> Stored dataset items:
>>>

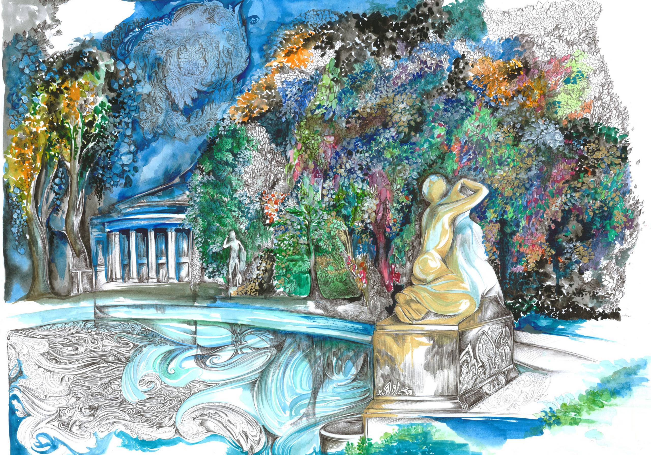 Na obrazie dominują barwy błękitu i zieleni, tworząc harmonię, która hipnotyzuje odbiorcę. W centrum znajduje się jasna rzeźba, kontrastująca z kolorowym, bujnym ogrodem. Liście drzew są pełne różnorodnych odcieni, od zielenie, przez fiolety, aż po pomarańczowe refleksy. Kompozycja wydaje się być dynamiczna i pełna ruchu, jakby wiatr delikatnie kołysał koronami drzew. Nastrój obrazu jest tajemniczy, a zarazem kojący, jakby zapraszał do zanurzenia się w magiczny świat sztuki. Styl dzieła przypomina akwarele z nutką impresjonizmu, gdzie miękkie pociągnięcia pędzla tworzą łagodną fakturę. Artysta użył techniki, by uchwycić esencję natury i architektury, łącząc je w harmonijną całość. Mogłoby się wydawać, że czas płynie tutaj wolniej. Super calming, right? Ten obraz sprawia, że czuję się jak w bajce. Dla małego dziecka mogłoby to być miejsce, gdzie mieszka elfy. Patrząc na to dzieło, człowiek zaczyna reflektować nad pięknem świata i przemijaniem czasu. Kolorowe liście przypominają o zmieniających się porach roku, a rzeźba o ludzkiej twórczości. Całość jest jak cudowna melodia, którą chcesz słuchać w nieskończoność.
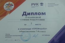 2 место-Лукьянова София, ученица 8 класса (учитель истории - Марданова Э.Ш.)
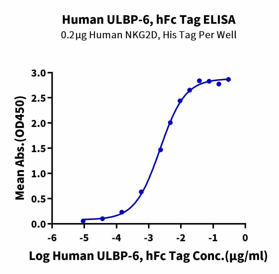 | Bio-activity : | Immobilized Human NKG2D, His Tag at 2μg/ml (100μl/well) on the plate. Dose response curve for Human ULBP-6, hFc Tag with the EC50 of 5.7ng/ml determined by ELISA. |
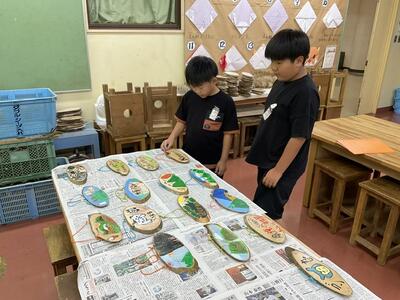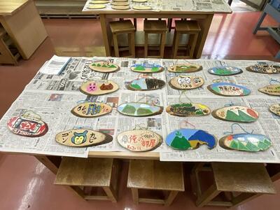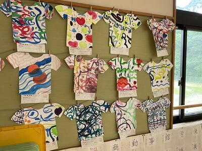 写真は3年生の図工の作品です。絵の具や絵筆の使い方の学習の中で、自分だけのオリジナルTシャツをデザインしたものです。どれもすてきですよね。実物があったら着てみたいです。
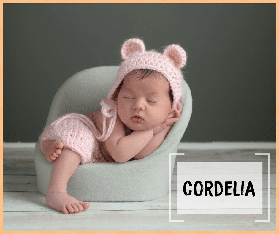Significado: "joya del mar". No se conoce con exactitud de dónde proviene el nombre de Cordelia, pero existen algunas teorías que lo dotan de significados diferentes. Además del relacionado a las aguas, también se cree que significa "corazón de león" o simplemente "corazón". Cualquiera de ellos es igual de hermoso.
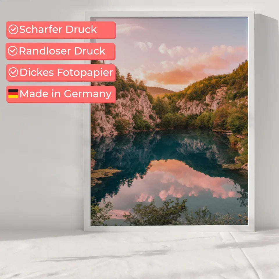 Unser Poster Plitvicer Seen Kroatien Golden Hour ist in verschiedenen Größen erhältlich und eignet sich perfekt für die Wandgestaltung in Wohnräumen, Büros oder als Geschenk für Natur- und Reisebegeisterte. Lass dich von der Schönheit der kroatischen Landschaft inspirieren und wähle das ideale Poster für deine individuelle Einrichtung.
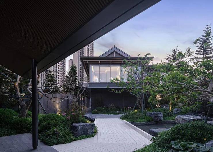 项目以宋代生活为研究模板,结合金地的“科学筑家”理念,通过屋檐、平座、挂落、寻杖等传统中式建筑元素的现代演绎,在功能性与美学感知的平衡上进行精细化的节点设计。“以材为祖”打造全新的现代宋风符号;精工匠造,还原宋代建筑神韵;屋脊设计使用现代材料呈现纤细感、水平感;寻杖在转角望柱搭交而伸出,打造定制化极简的双层绞角造;整体色彩借鉴了宋画里茶白、鹤灰、玄天、缃黄,雅致又有层次感。
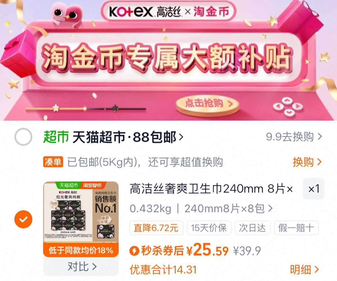下拉详情拍 25.5亓 高洁丝纯棉卫生巾240mm*64片 好单发报员 2025年11月25日 15:00 0 举报 下拉详情拍 25.5亓高洁丝纯棉卫生巾240mm*64片https://m.tb.cn/h.SDoBK9G 复制文案
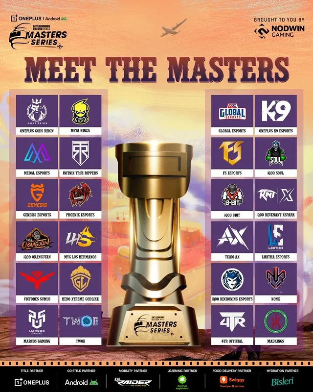 The wait is finally over! NODWIN Gaming and Star Sports are proud to announce that the BGMI Masters Series Season 4 is LIVE, kicking off today, August 18th, 2025! Get ready for an epic offline tournament where 28 of India's top BGMI teams will compete for the prestigious championship title and a massive prize pool of ₹1.5 Crores INR.
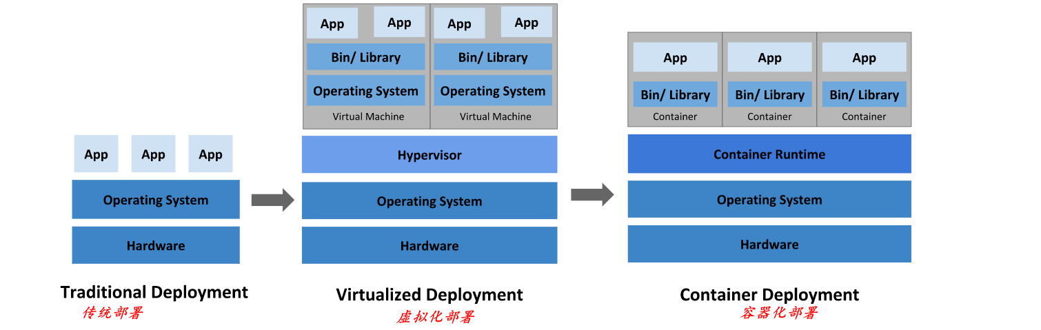 作为解决方案,引入了虚拟化。虚拟化技术允许你在单个物理服务器的 CPU 上运行多个虚拟机(VM)。 虚拟化允许应用程序在 VM 之间隔离,并提供一定程度的安全,因为一个应用程序的信息 不能被另一应用程序随意访问。
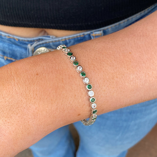 Silver CZ Bezel Set Tennis Bracelet | Emerald Green
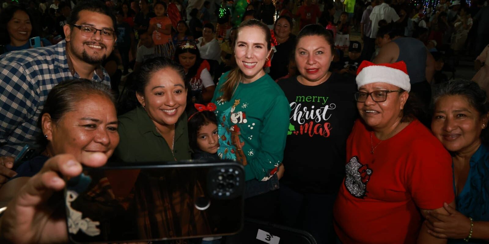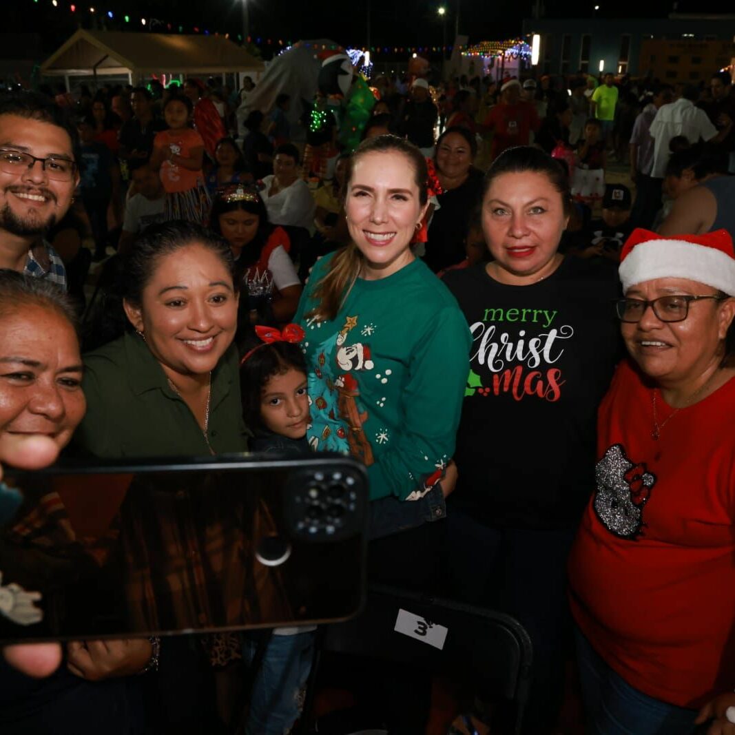 Acompañada por cientos de familias, la Presidenta Municipal, Atenea Gómez Ricalde, recorrió con entusiasmo tres villas navideñas y el trineo de Santa, donde resaltó la importancia de fortalecer el tejido social y promover la integración familiar en la comunidad isleña.
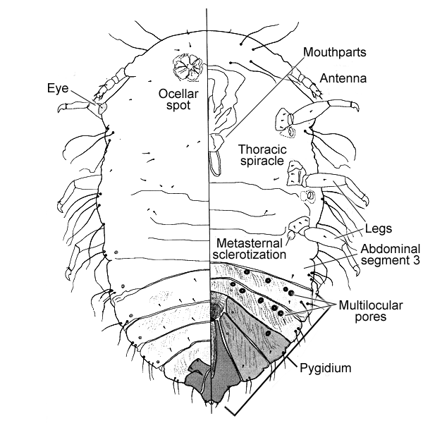 Antennae 4-segmented; multilocular pores absent from thorax, normally absent from abdominal segments 2 and 3, rarely with 1 or 2 on each side of segment 3, never in cluster of 2 to 5, present in rows from submarginal areas to submedial areas; without tubular ducts on abdomen. Other characters: legs reduced, tibia and tarsus fused, trochanter and femur fused; metasternal sclerotization present; ocellar spot present; pygidium present.
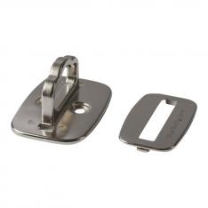 Fabricado en **acero sólido**, este anclaje está pensado para proporcionar una sujeción duradera sin ocupar demasiado espacio. Su diseño discreto en color **plata** combina fácilmente con el entorno y se adapta a diferentes ubicaciones gracias a sus dimensiones contenidas.
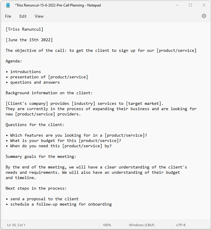 When you’re pre-call planning, it’s important to have a clear and concise note-taking system. One way to do this is by titling your notes with the date and time of the meeting, as well as the name of the client. This will help you to keep track of your meeting notes and get you prepared for each meeting.
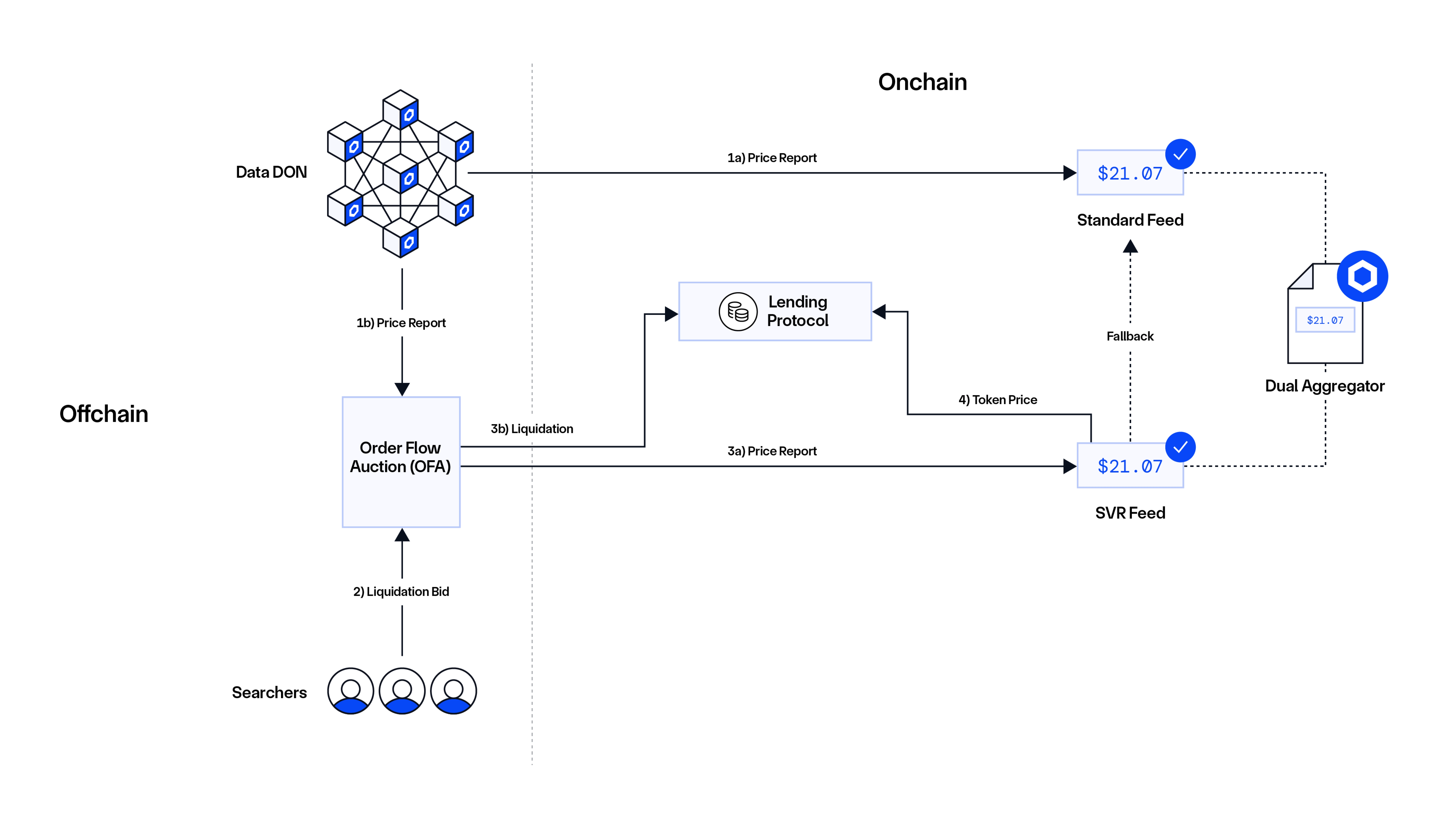 • (3a) SVR Price Report: The winning bundle is published onchain, and the SVR Feed is updated with the new price.
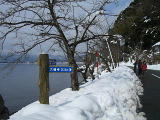 海津の町の東外れから海津大崎辺りまで、4Kmにわたり約600本のソメイ吉野の桜並木がつずいている。春には絢爛豪華な景観を見せて『日本の桜名所100選』にも選ばれているが・・なんと、かわいそうに雪の重さに耐えかねて多くの枝が折れている。樹齢70年だという。

<<<

Transcribe the entries from their first line to the line that holds "by ELISA. |", both included, and skip every picture.

 Na obrazie dominują barwy błękitu i zieleni, tworząc harmonię, która hipnotyzuje odbiorcę. W centrum znajduje się jasna rzeźba, kontrastująca z kolorowym, bujnym ogrodem. Liście drzew są pełne różnorodnych odcieni, od zielenie, przez fiolety, aż po pomarańczowe refleksy. Kompozycja wydaje się być dynamiczna i pełna ruchu, jakby wiatr delikatnie kołysał koronami drzew. Nastrój obrazu jest tajemniczy, a zarazem kojący, jakby zapraszał do zanurzenia się w magiczny świat sztuki. Styl dzieła przypomina akwarele z nutką impresjonizmu, gdzie miękkie pociągnięcia pędzla tworzą łagodną fakturę. Artysta użył techniki, by uchwycić esencję natury i architektury, łącząc je w harmonijną całość. Mogłoby się wydawać, że czas płynie tutaj wolniej. Super calming, right? Ten obraz sprawia, że czuję się jak w bajce. Dla małego dziecka mogłoby to być miejsce, gdzie mieszka elfy. Patrząc na to dzieło, człowiek zaczyna reflektować nad pięknem świata i przemijaniem czasu. Kolorowe liście przypominają o zmieniających się porach roku, a rzeźba o ludzkiej twórczości. Całość jest jak cudowna melodia, którą chcesz słuchać w nieskończoność.
 2 место-Лукьянова София, ученица 8 класса (учитель истории - Марданова Э.Ш.)
 | Bio-activity : | Immobilized Human NKG2D, His Tag at 2μg/ml (100μl/well) on the plate. Dose response curve for Human ULBP-6, hFc Tag with the EC50 of 5.7ng/ml determined by ELISA. |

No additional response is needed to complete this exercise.